Bank of America (BAC, Fortune 500) spokesman Mark Pipitone said the company is ‘working to ensure full availability,’ and that online banking is available ‘although some customers may experience occasional slowness.'”

I worked for Charles Schwab during the dot-com boom. And I remember our sites occasionally having performance issues due to the extreme demand from customers to execute ever more trades, ever more quickly. Unfortunately, whenever we had problems, it both irritated customers, cost us money, and hurt our reputation (the only consolation was that most other online brokers were having the same problem, so customers didn’t have many better options from which to choose — I’m not saying that’s the right approach, merely that it was the reality at the time).

Of course, you don’t have to be a financial services company to experience poor site performance.
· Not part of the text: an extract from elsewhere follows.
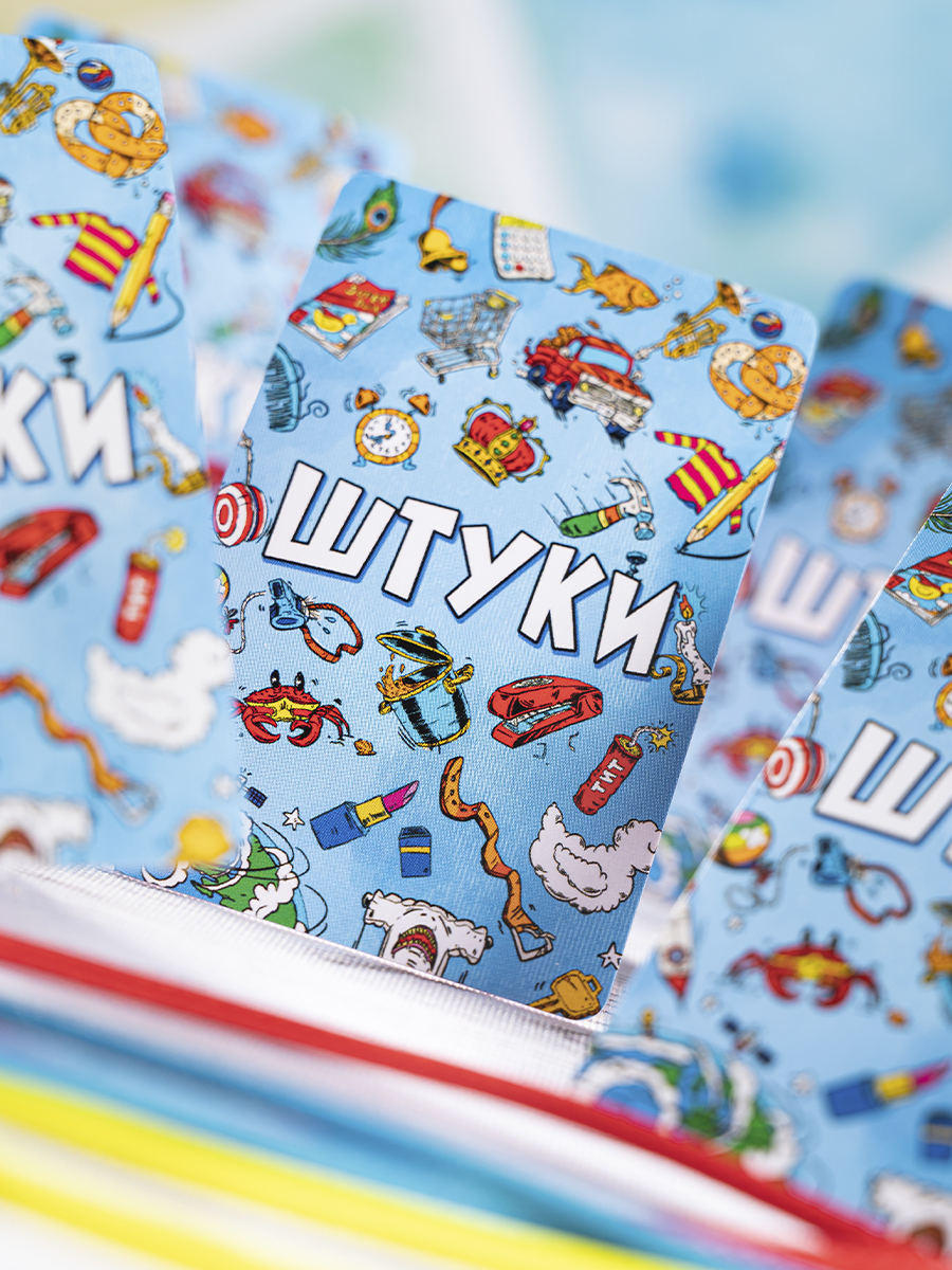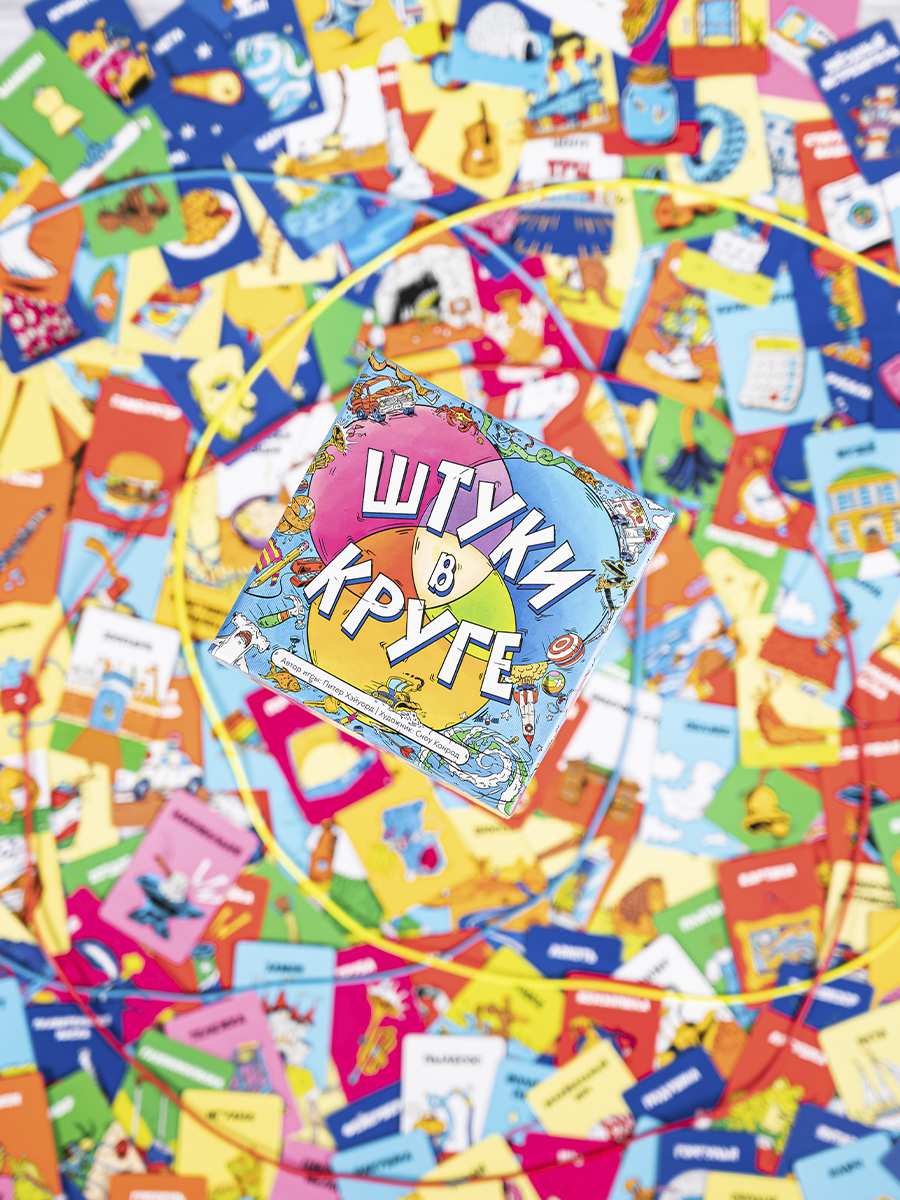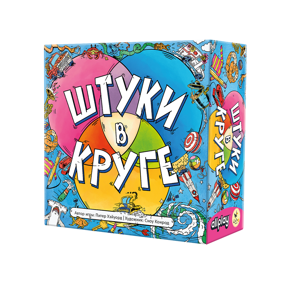 «Штуки в круге» — занимательная игра-вечеринка, в которой нужно применять дедукцию! В центре — три пересекающихся круга, к каждому из которых относится секретное правило, известное только одному игроку. Остальные игроки пытаются избавиться от своих карт, угадывая, в какие круги их помещать.

There’s a memorable moment in “The Social Network” where Mark Zuckerberg loses his mind on Eduardo Savarin after Savarin stops payment on their hosting account, potentially knocking the nascent site offline entirely. First Zuckerberg ensures the sites remain online and, later in the movie, ensures Savarin isn’t in a position to do it again.

If you’re a retailer, you probably vacuum and dust your stores regularly, restock shelves, and ensure easy access to merchandise. If you’re a restaurant, you wipe the tables and sweep the floors, polish the silverware, and relight the candles. If you’re a hotel, you make the beds, change the towels, and clean the bathrooms.

And, if you’re a website, you do everything you can to ensure your customers have a speedy and uninterrupted experience. Speed matters. It’s not a technical concern. It’s basic customer service.